Raw data.
-.-.-
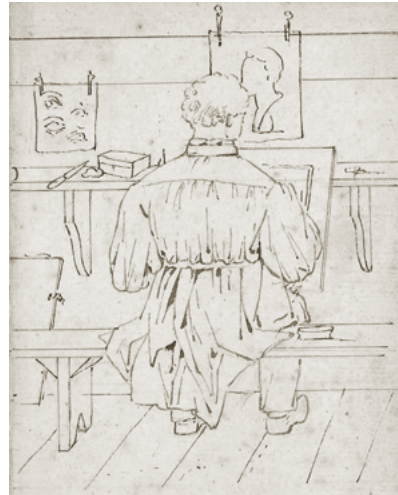
Schets van tekenleraar C.C. Huijsmans van een van zijn leerlingen. (Coll. Stadsarchief Breda)
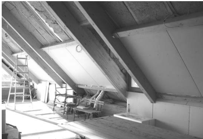
Készül a gimnázium kápolnájának belső burkolása

Előző számunkban beszámoltunk arról, hogy elkészült a gimnáziumunk tetőterének üvegfala. Azóta elkezdődtek a belső építési munkák is (villanszerelés, burkolatok felszerelése). Az építkezés folytatását az tette lehetővé, hogy a gimnázium megkapta az elmúlt két év állami támogatásainak visszatartott részét, és a gimnázium vezetése a Presbitériummal egyetértésben úgy döntött, hogy ebből az összegből mintegy 16 millió forintot erre a célra fordít.
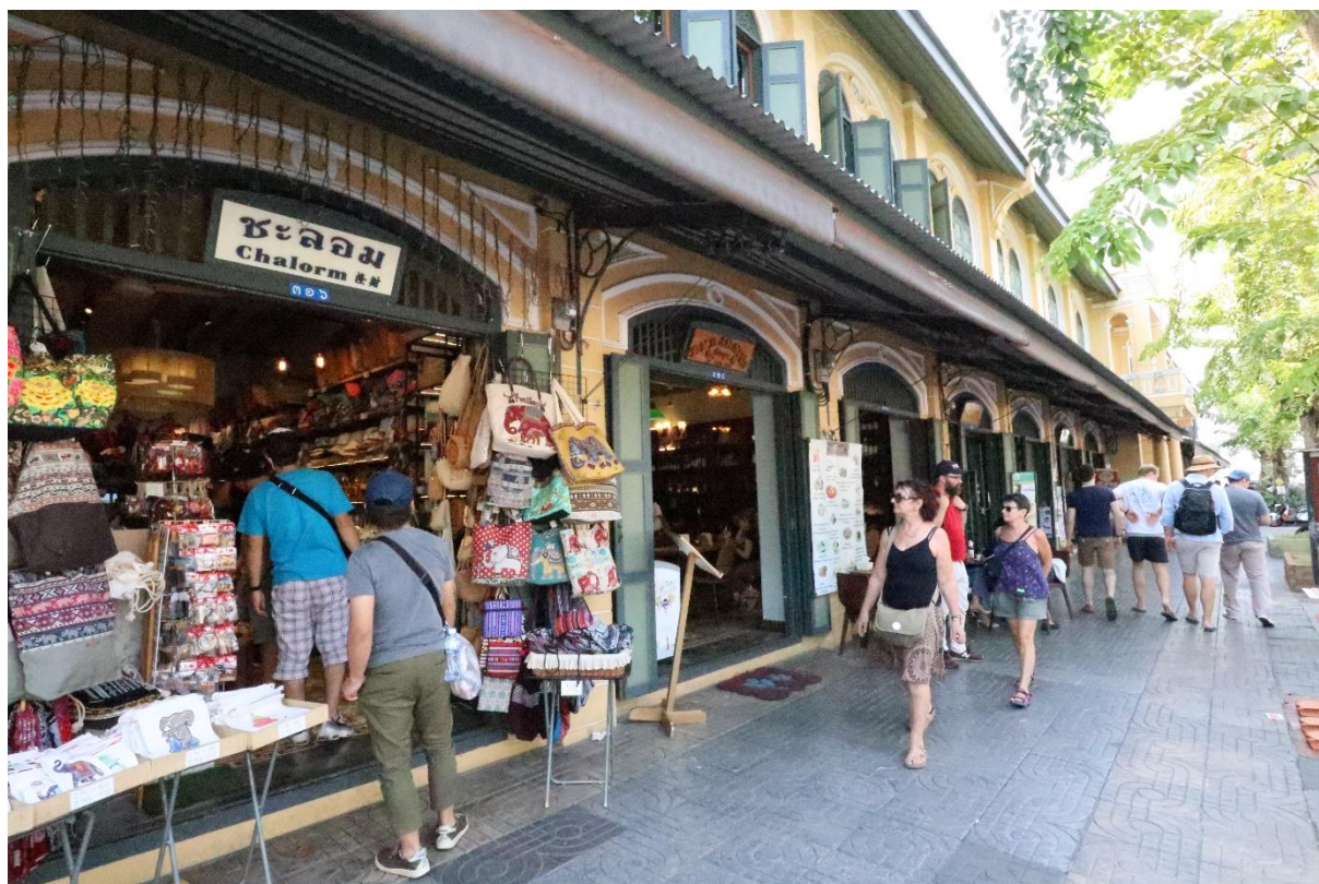
再生事業後のターティアン地区。表側には土産物屋などが並ぶ(コロナ禍の前)。
-.-.-
Task to complete. Word for word, reproduce the listing above; no image should be carried over.

Exercise result.
Schets van tekenleraar C.C. Huijsmans van een van zijn leerlingen. (Coll. Stadsarchief Breda)
Készül a gimnázium kápolnájának belső burkolása

Előző számunkban beszámoltunk arról, hogy elkészült a gimnáziumunk tetőterének üvegfala. Azóta elkezdődtek a belső építési munkák is (villanszerelés, burkolatok felszerelése). Az építkezés folytatását az tette lehetővé, hogy a gimnázium megkapta az elmúlt két év állami támogatásainak visszatartott részét, és a gimnázium vezetése a Presbitériummal egyetértésben úgy döntött, hogy ebből az összegből mintegy 16 millió forintot erre a célra fordít.
再生事業後のターティアン地区。表側には土産物屋などが並ぶ(コロナ禍の前)。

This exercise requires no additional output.